— REQUIRED ACTION —
Reproduce the data in full, exactly as given, leaving images out.

— GIVEN DATA —
---*---
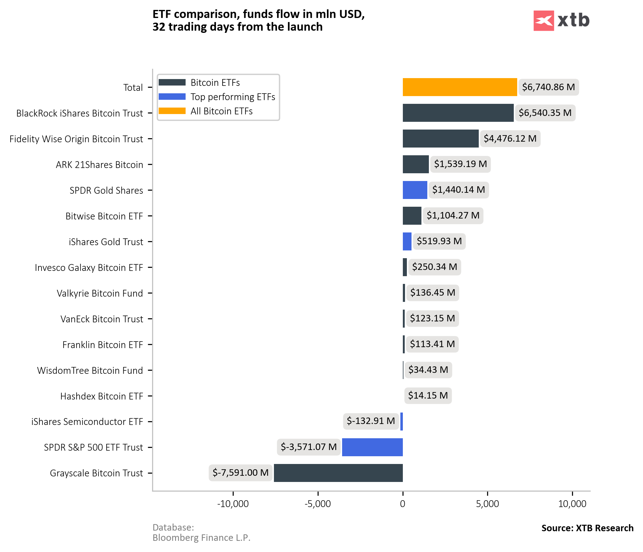 En los 32 días de negociación transcurridos desde el lanzamiento de los ETF, BlackRock ha acumulado Bitcoins valorados en más de 6.500 millones de dólares, seguido de Fidelity con más de 4.400 millones de dólares.
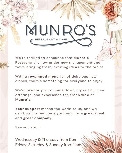 Keep an eye out for the chef’s recommendations. The chef’s recommendations are a testament to their passion for creating dishes that are both delicious and innovative. They are constantly experimenting with new flavor combinations and techniques. These dishes are often a blend of creativity and skill. They’re usually only available for a limited time, so it’s a chance to experience something truly unique. Follow Munro on social media. Social media is a great way to stay up-to-date on the latest specials, chef’s recommendations, and any other exciting news. They often post photos of their dishes. They also share behind-the-scenes glimpses of the kitchen. You can also sign up for the Munro Restaurant newsletter. The newsletter is a great way to receive exclusive information about the menu. They also offer special promotions and events. By staying in the know, you’ll be one of the first to discover the latest culinary creations and ensure you don’t miss out on any of the delicious offerings at Munro Restaurant. It’s all about being in the loop and enjoying the best of what Munro has to offer!
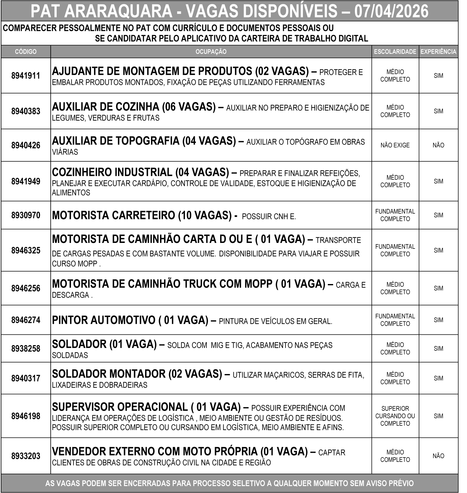 As vagas podem ser encerradas a qualquer momento para início de processo seletivo, sem aviso prévio.
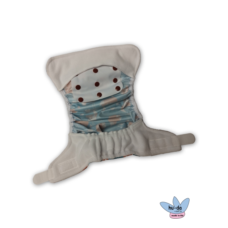 Neues, durchdachtes Mikrofaser-Überhöschen von Hu-da / Billeka! Die Überhose hat innen Laschen, die eine Prefold gut in Position halten. Der Schnitt passt aber auch über unsere hu-da One-Size-Höschenwindeln (ein Manko vieler anderer "Prefold-Überhöschen", die oft über Höschenwindeln nicht sauber abschliessen). Extra weiche Bündchen an Rücken und Beinchen. Innen halten "Taschen" aus Fleece die Einlagen. Diese sind zusätzlich mit PUL unterlegt.
---*---
— ANSWER BELOW —
 En los 32 días de negociación transcurridos desde el lanzamiento de los ETF, BlackRock ha acumulado Bitcoins valorados en más de 6.500 millones de dólares, seguido de Fidelity con más de 4.400 millones de dólares.
 Keep an eye out for the chef’s recommendations. The chef’s recommendations are a testament to their passion for creating dishes that are both delicious and innovative. They are constantly experimenting with new flavor combinations and techniques. These dishes are often a blend of creativity and skill. They’re usually only available for a limited time, so it’s a chance to experience something truly unique. Follow Munro on social media. Social media is a great way to stay up-to-date on the latest specials, chef’s recommendations, and any other exciting news. They often post photos of their dishes. They also share behind-the-scenes glimpses of the kitchen. You can also sign up for the Munro Restaurant newsletter. The newsletter is a great way to receive exclusive information about the menu. They also offer special promotions and events. By staying in the know, you’ll be one of the first to discover the latest culinary creations and ensure you don’t miss out on any of the delicious offerings at Munro Restaurant. It’s all about being in the loop and enjoying the best of what Munro has to offer!
 As vagas podem ser encerradas a qualquer momento para início de processo seletivo, sem aviso prévio.
 Neues, durchdachtes Mikrofaser-Überhöschen von Hu-da / Billeka! Die Überhose hat innen Laschen, die eine Prefold gut in Position halten. Der Schnitt passt aber auch über unsere hu-da One-Size-Höschenwindeln (ein Manko vieler anderer "Prefold-Überhöschen", die oft über Höschenwindeln nicht sauber abschliessen). Extra weiche Bündchen an Rücken und Beinchen. Innen halten "Taschen" aus Fleece die Einlagen. Diese sind zusätzlich mit PUL unterlegt.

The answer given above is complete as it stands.